The problem is to count the number of IDs which has a record of type 1 or 2, and the number of IDs which has a record of type 3 or 4.
My code:
def gen(path):
line_count = 0
for line in open(path):
tmp = line.split()
id = int(tmp[0])
yield id, int(tmp[1])
max_id = 200000000
S1 = bitarray.bitarray(max_id)
S2 = bitarray.bitarray(max_id)
for id, type in gen(path):
if type != 3 and type != 4:
S1[id] = True
else:
S2[id] = True
print S1.count(), S2.count()
Although it gives the answer, I think it runs a little slowly. What should I do to make it run faster?
EDIT:
There are duplicated records in the file. And I only need to distinguish between S1(type 1 and type 2) and S2(type 3 and type 4). For example, 1440927 1
and 1440927 2
are counted only once but not twice because they belong to S1. So I have to store the IDs.
Upvotes: 7
Views: 209
Reputation: 414585
If there is enough memory you could use dict
instead of bitarray.bitarray
. It could be faster:
S1, S2 = {}, {} # dicts are slightly faster than `set()`
with open(path) as f:
for i, line in enumerate(f, 1):
id, sep, type = line.partition(" ")
if type == "1" or type == "2":
S1[id] = True
elif type == "3" or type == "4":
S2[id] = True
else:
print "WARNING: unknown type: %r in line %d: %r" % (type, i, line)
print len(S1), len(S2)
Or you could try to sort the lines first:
def gettype(line):
return line[-1]
S1, S2 = 0, 0
with open(path) as f:
lines = f.read().splitlines()
lines.sort(key=gettype)
for type, group in itertools.groupby(lines, gettype):
ids = (line.partition(" ")[0] for line in group)
if type == "1" or type == "2":
S1 += len(set(ids))
elif type == "3" or type == "4":
S2 += len(set(ids))
else:
assert 0, (type, list(ids))
print S1, S2
The asymptotic complexity of the second approach is worse.

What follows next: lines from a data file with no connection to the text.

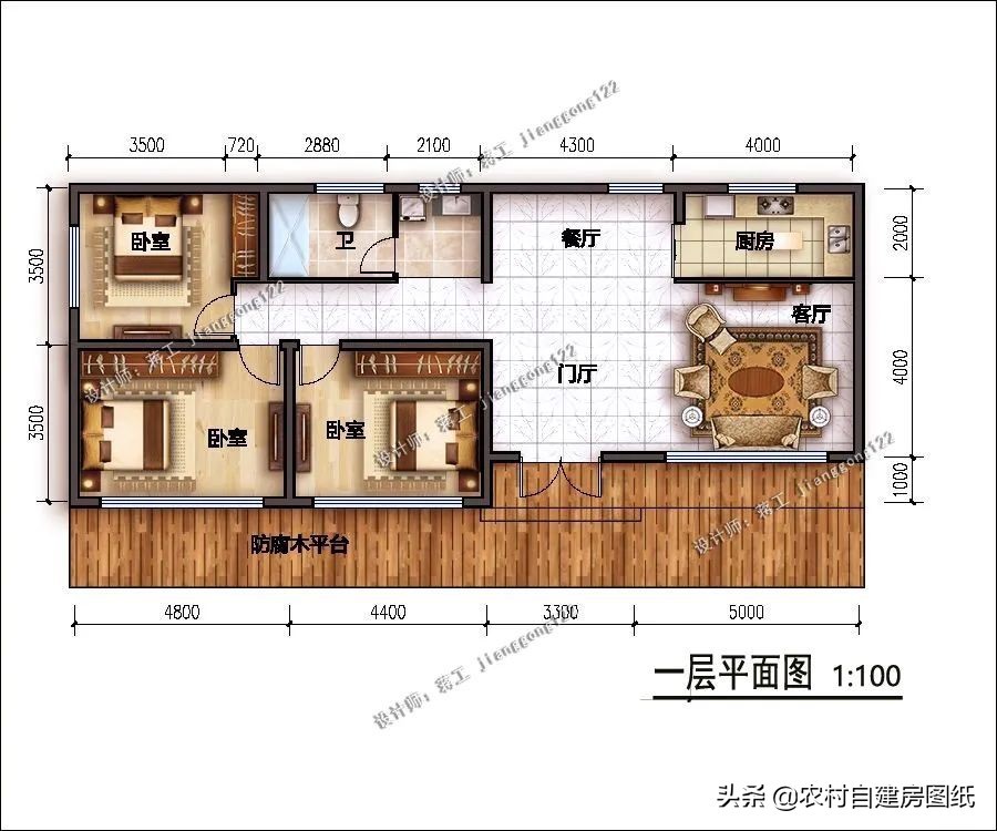 这款一层平房外观朴实大方,建筑成本低,大面积的平屋顶极大地增加了平房的利用空间,在农村晾晒谷物非常方便。经门廊入户既是一个开阔的大客厅,客厅与餐厅互借空间,南北通透,非常的敞亮。厨房紧邻餐厅,取餐用餐都极为方便。建筑的东侧有一间主卧,紧邻卫生间,南向采光,非常舒适。西侧有两间次卧,南向次卧空间也很宽敞。三室二厅一卫,经济实用,适合农村养老居住。
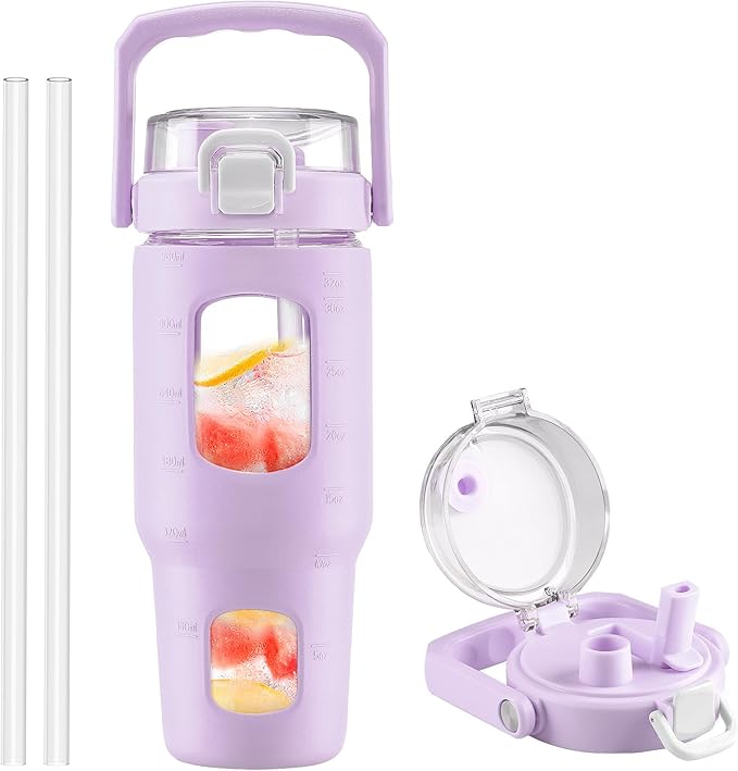 - UNIQUE DESIGN-This glass water bottle features a rotating grip handle and thick silicone sleeve, providing added protection and a secure grip. Crafted from thick borosilicate glass, it's ideal for home, office, or gym workout use. The sport bottle enables two ways to drink water with convenient straw lid, perfect for sipping on the go.
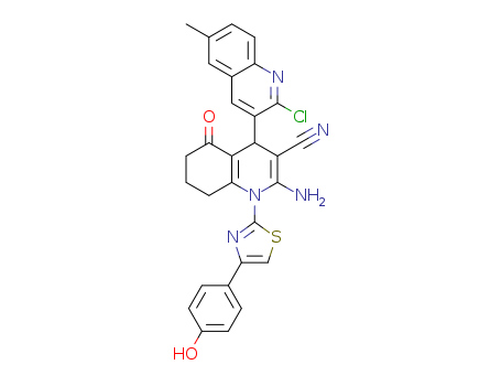 - Name: 2-amino-4-(2-chloro-6-methyl(3-quinolyl))-5-oxo-1-(4-hydroxyphenylthiazol-2-yl)-1,4,5,6,7,8-hexahydroquinoline-3-carbonitrile
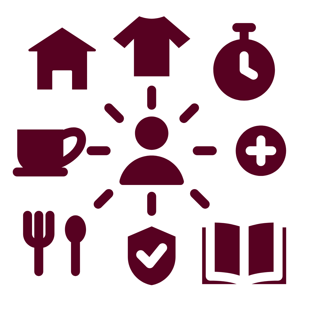 Providing food, clothing, and housing aid to support family stability and well-being.
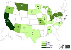 By state the case counts for the outbreak, which has been ongoing since January, is as follows: Alabama (1), Arizona (2), California (7), Illinois (1), Kentucky (1), Maryland (1), Michigan (2), Minnesota (1), Missouri (2), Montana (3), New Jersey (3), New Mexico (1), North Carolina (1), Ohio (4), Oregon (2), Pennsylvania (3), South Dakota (1), and Texas (1).
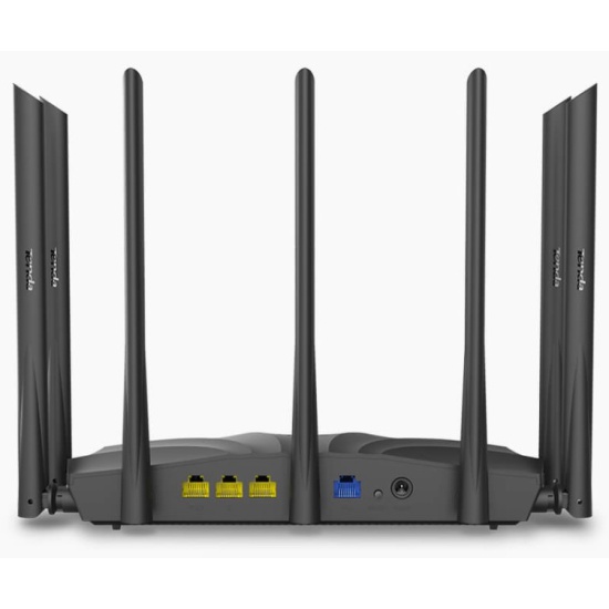 AC 23 – двухдиапазонный гигабитный Wi-Fi маршрутизатор, созданный для высокоскоростного доступа к Интернет. Маршрутизатор поддерживает технологию 802.11ac wave2 и гарантирует скорость передачи данных по Wi-Fi до 2033 Мбит/с : 300 Мбит/с в диапазоне 2.4 ГГЦ и 1733Мбит/с в диапазоне 5ГГц. Благодаря технологии 4х4 MU-MIMO в диапазоне 5ГГц, зона покрытия и скорость доступа по Wi-Fi увеличиваются, по сравнению с обычными маршрутизаторами с технологией 3х3 MU-MIMO. При использовании всех гигабитных портов проводная скорость доступа может достигать 1000 Мбит/с. Процессор с частотой 1 ГГЦ и сопроцессор в 500 МГц, произведённые по двухъядерной 28нм технологии, дают более высокую скорость обработки данных и оптимизируют весь процесс работы оборудования. АС23 оборудован 7 внешними всенаправленными антеннами по 6дБи и бесподобен в своей производительности и способности передавать сигнал сквозь стены.
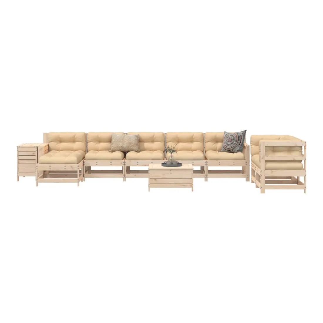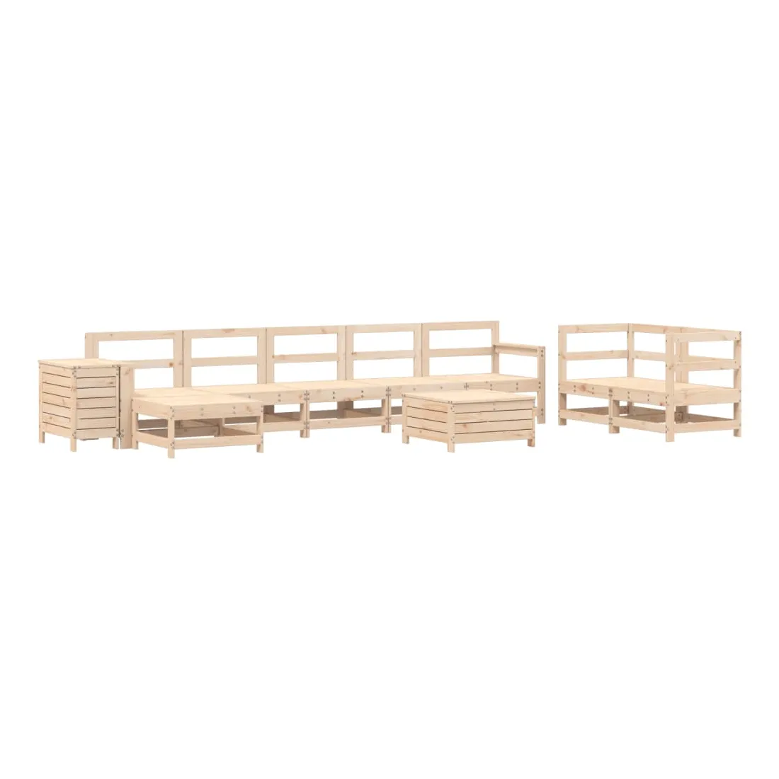 Cet ensemble de salon de jardin en bois avec un design à lattes sera un excellent complément à votre jardin, patio ou terrasse pour profiter d'un moment agréable avec votre famille ou vos amis. Matériau robuste et durable : le bois de pin massif est connu pour sa résistance et sa durabilité. Ses grains droits et ses nœuds distinctifs contribuent à son charme rustique. Bien ventilé et prévention de l'accumulation d'eau : la conception à lattes favorise une circulation optimale de l'air et empêche efficacement l'accumulation d'eau, assurant ainsi une assise sèche et confortable. Utilisation polyvalente : le repose-pied de jardin peut non seulement être utilisé pour s'asseoir ou se détendre, mais il peut également être utilisé comme table basse pour contenir vos boissons, votre nourriture et d'autres décorations. Table pratique : la table de jardin vous offre un endroit pratique pour atteindre facilement vos essentiels. Conception modulaire : cet ensemble de meubles d'extérieur a une conception modulaire, ce qui le rend complètement flexible et facile à déplacer, afin que vous puissiez créer un agencement de meubles d'extérieur personnalisé. Bon à savoir :Pour que vos meubles d'extérieur restent beaux, nous vous recommandons de les protéger avec une housse imperméable.

You could use line_profiler to find out where your bottleneck is.
Upvotes: 2
Reputation: 107666
You're using a iterator over the file, this means that you only buffer a few lines at the time. Every time the buffer is empty the disk needs to seek and your program has to wait.
200MB easily fits into your memory, so getting all lines will speed things up:
def gen(path):
# load all the lines,
lines = open(path).readlines()
split = (line.split() for line in lines)
return ((int(x), int(y)) for x,y in split)
Upvotes: 3
Reputation: 213005
Are you tied to Python?
egrep -e "[12]$" filename.txt | cut -d " " -f 1 | sort -u | wc -l
egrep -e "[34]$" filename.txt | cut -d " " -f 1 | sort -u | wc -l
These two commands count you the number of occurences of ("1" or "2") and ("3" or "4") at the end of each line in your filename.txt while ignoring duplicate first fields.
Probably faster than Python…
Upvotes: 2